By Jared Cummans
Jeremy Grantham, famous for co-founding the Grantham Mayo Van Otterloo, has made a series of forecasts that investors may want to pay attention to. Grantham has become a household investing name with his uncanny predictions of numerous asset bubbles as well as his general knowledge of the financial world. According to Mr. Grantham, the next seven years will see timber outperform all other asset classes. The prediction laid out a 6.5% annualized return for this commodity, while other asset classes lagged behind.

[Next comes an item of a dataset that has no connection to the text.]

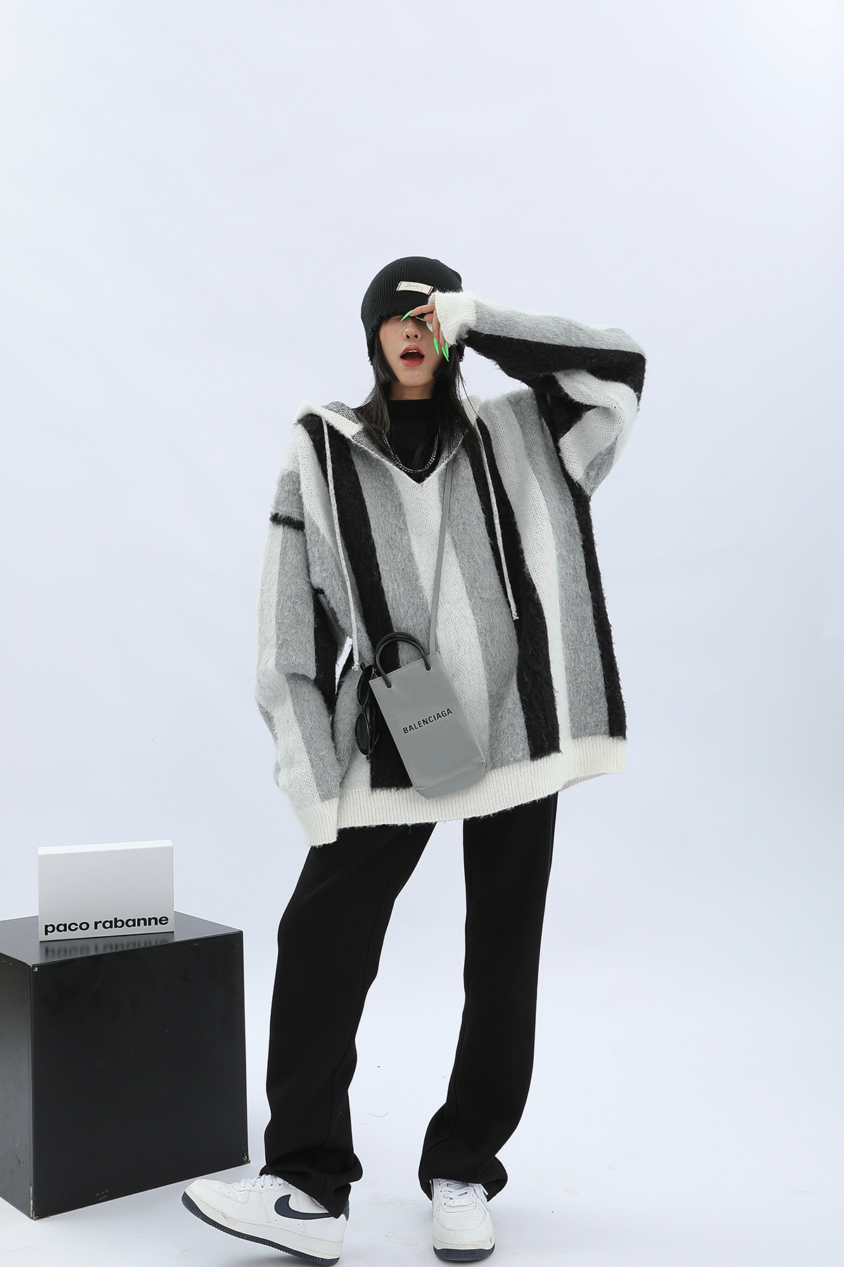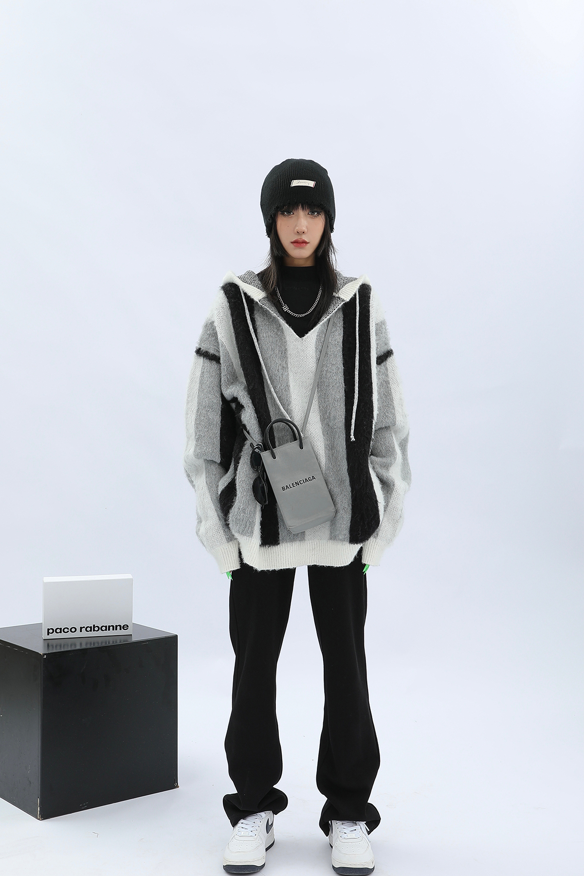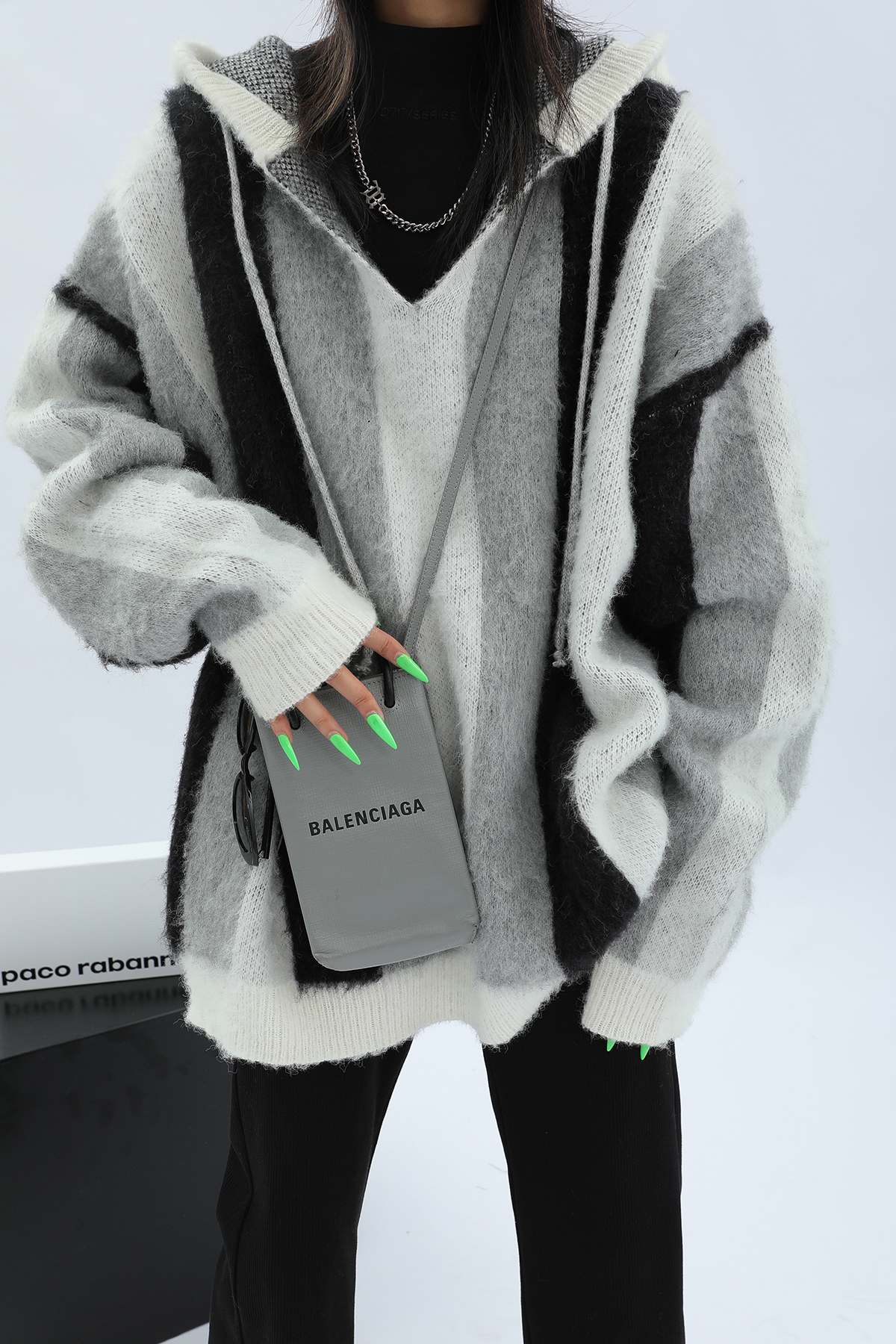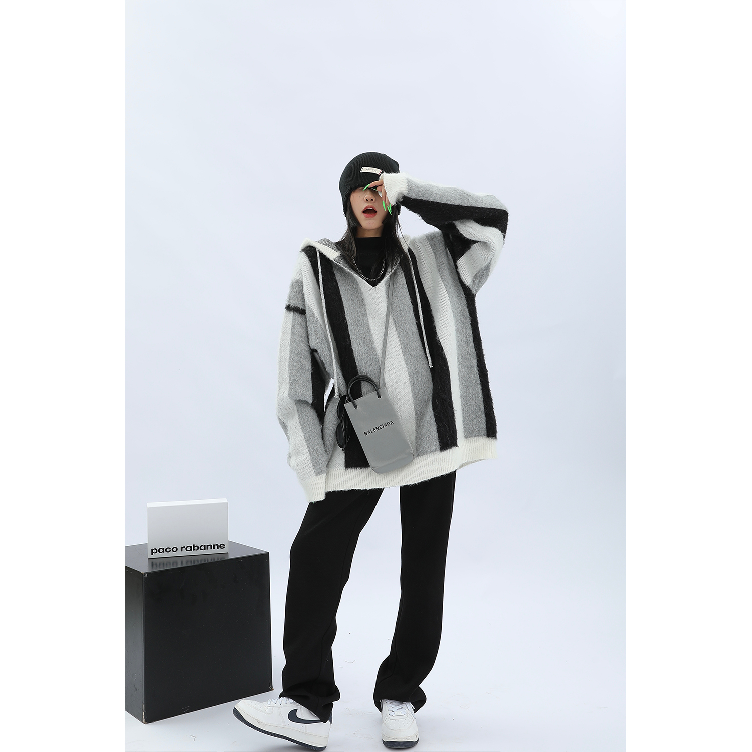 Acestudios 馬海毛連帽毛衣外套女2022春秋設計感條紋外穿針織衫

Though Grantham sees emerging market stocks and U.S. large caps putting up decent numbers, timber is predicted to outdo all of its competition, with the bond space performing particularly poorly. It should be noted that his model factors in mean inflation of 2.2%, a figure that may be far too low by the standards of many. Should inflation be higher, timber has a strong chance to outperform the numbers put forth by Grantham, as the asset has long been a strong hedge against inflation.
The price of timber has risen by an average of 5% for the past century, and those gains include strong performances during some of the worst markets in U.S. history. “During America’s last major inflationary period – from 1973 to 1981, when inflation averaged 9.2% – timberland values increased by an average of 22% per year” writes Larry D. Spears. Since the beginning of the 20th century timber has outpaced the S&P 500 and has risen by approximately 15% each year since 1987 (save one bad year during the U.S. housing crash).
- S&P Global Timber & Forestry Index Fund (WOOD): This ETF measures the performance of firms all over the world that have their hands in the forestry and timber business. The fund has about $170 million in assets and trades hands just under 20,000 times each day.
- Weyerhaeuser Co (WY): A stock that has been on a tear this year, gaining more than 50%, WY is a forestry company that has its hands in ever facet of the timber industry.
- Plum Creek Timber (PCL): A coveted timber stock with a market cap of just over $7 billion. This REIT is one of the largest private landowners in the U.S. and its stock maintains an attractive dividend of 3.8%.